While acknowledging the ongoing NFL camps, Te’o expressed his belief that Utah is where football was getting the most attention last Thursday, Friday and Saturday.
“We’re real proud of that. I hope people out here are proud of that, too,” he said. “So hopefully we can continue to maintain this level of success.”
Te’o is hopeful that the sport will further elevate in the state — providing resources so kids can get exposed, coaches can get better and the overall picture of building a good football program can be completed.
The plan is working.
Te’o estimates that as many as 40 college football programs were represented at this year’s All Poly Camp. He noted that as many as 100 coaches were on the field with the 400-plus campers at any given time.

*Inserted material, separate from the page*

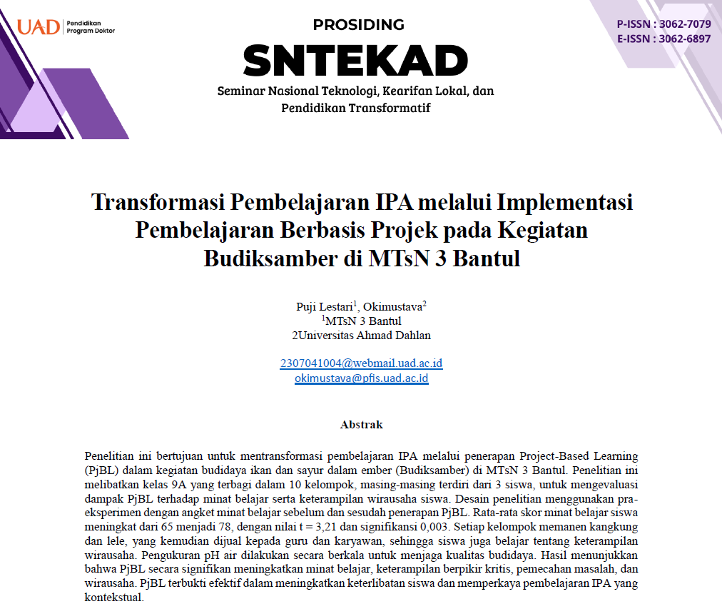 Penelitian ini bertujuan untuk mentransformasi pembelajaran IPA melalui penerapan Project-Based Learning (PjBL) dalam kegiatan budidaya ikan dan sayur dalam ember (Budiksamber) di MTsN 3 Bantul. Penelitian ini melibatkan kelas 9A yang terbagi dalam 10 kelompok, masing-masing terdiri dari 3 siswa, untuk mengevaluasi dampak PjBL terhadap minat belajar serta keterampilan wirausaha siswa. Desain penelitian menggunakan pra-eksperimen dengan angket minat belajar sebelum dan sesudah penerapan PjBL. Rata-rata skor minat belajar siswa meningkat dari 65 menjadi 78, dengan nilai t = 3,21 dan signifikansi 0,003. Setiap kelompok memanen kangkung dan lele, yang kemudian dijual kepada guru dan karyawan, sehingga siswa juga belajar tentang keterampilan wirausaha. Pengukuran pH air dilakukan secara berkala untuk menjaga kualitas budidaya. Hasil menunjukkan bahwa PjBL secara signifikan meningkatkan minat belajar, keterampilan berpikir kritis, pemecahan masalah, dan wirausaha. PjBL terbukti efektif dalam meningkatkan keterlibatan siswa dan memperkaya pembelajaran IPA yang kontekstual.

“We’ve been real fortunate,” said Te’o, who added that the camp has been blessed with a lot of support from a lot of great people.
This year’s event drew appearances by several prominent head coaches. Attendees included Gary Andersen (Wisconsin), Craig Bohl (Wyoming), Jay Hill (Weber State), Ed Lamb (Southern Utah), Bronco Mendenhall (BYU), Mike MacIntyre (Colorado), Chris Petersen (Washington), Mike Sanford (Indiana State), Steve Sarkisian (USC), Bob Stoops (Oklahoma), Matt Wells (Utah State) and Kyle Whittingham (Utah).
Hill, a longtime Utah assistant entering his first season at the helm at Weber State, said the number of prospects at the camp has swelled from about 10 the first year to 50 or so now. Having more programs wanting to make evaluations is fueling additional attendees at the three-day event.
“It’s crazy,” Hill said of the level of players and coaches at the camp.
Stoops has taken note. He added a trip to Utah to his usual swing of attending Oklahoma-oriented camps in Norman, Dallas and Houston.
“There’s a lot of great young men here, players and coaches. It’s fun to meet all of them,” Stoops said. “I’ve heard about it for a long time. So I’m just glad to be a part of it this year and hope to be able to come when I’m able to.”
USC’s Sarkisian was also pleased to make an appearance.
“I have a great deal of respect for Alema. He’s done an amazing job. This camp continues to get better and better and better. For me, it’s really more out of respect for Alema and the job that he’s doing for these kids,” he said. “It’s unbelievable exposure all these kids are getting. You look at the number of programs that are here and the opportunity for all these kids to get coached by great coaches and get a number of eyes on them.”
Sarkisian added that “it’s a win-win for everybody.”
Former Utah State head coach and Utah assistant Andersen is also a big believer in the camp. He’s been to all of them — even the past two since becoming the head coach at Wisconsin.